As a performer, King is nearly as celebrated for what he does with his face
as with his voice or fingers. He wrote in his 1996 autobiography, "Blues
All Around Me," that his first wife "used to call me ol' lemon face because
of my facial contortions when I play." (King has been married and divorced
twice.) "I squeeze my eyes and open my mouth, raise my eyebrows, cock my
head, and God knows what else."
In person, though, he sits placidly, his face in repose, except when he
smiles. King, who has a great, bubbling-fudge laugh, has an equally great
smile. When he smiles he looks like a kid who's just eaten the fudge.

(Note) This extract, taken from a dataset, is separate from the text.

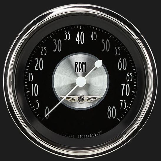 This All American Tradition 3-3/8" 8000 rpm Tach Gauge. Features a Black Face, White Numbers, Polished Stainless Radial Bezel finish, Curved Glass Len & White Pointers that give these gauges a classic finish for your hot rod.

Not that he does eat fudge. King was diagnosed with diabetes about a decade
ago, so he's given up all sweets. He also has bad knees and a bad back,
which means he now sits while performing.
The only other concession he makes to age is keeping the temperature on the
bus at a near-tropical level to protect his voice.
"I don't want to barbecue you," King says apologetically.
King dismisses the idea of retirement. "I'm a believer in God," he
says, "and I believe when it's time He will do it. Other than that, as long
as my health is good, and people still come to see me -- and I can handle
myself -- I don't see retirement at all. I feel fine, real good. In
Mississippi, where I come from, when you start to feeling `real good,' that
means you're about to leave this world, so I don't want to feel too good."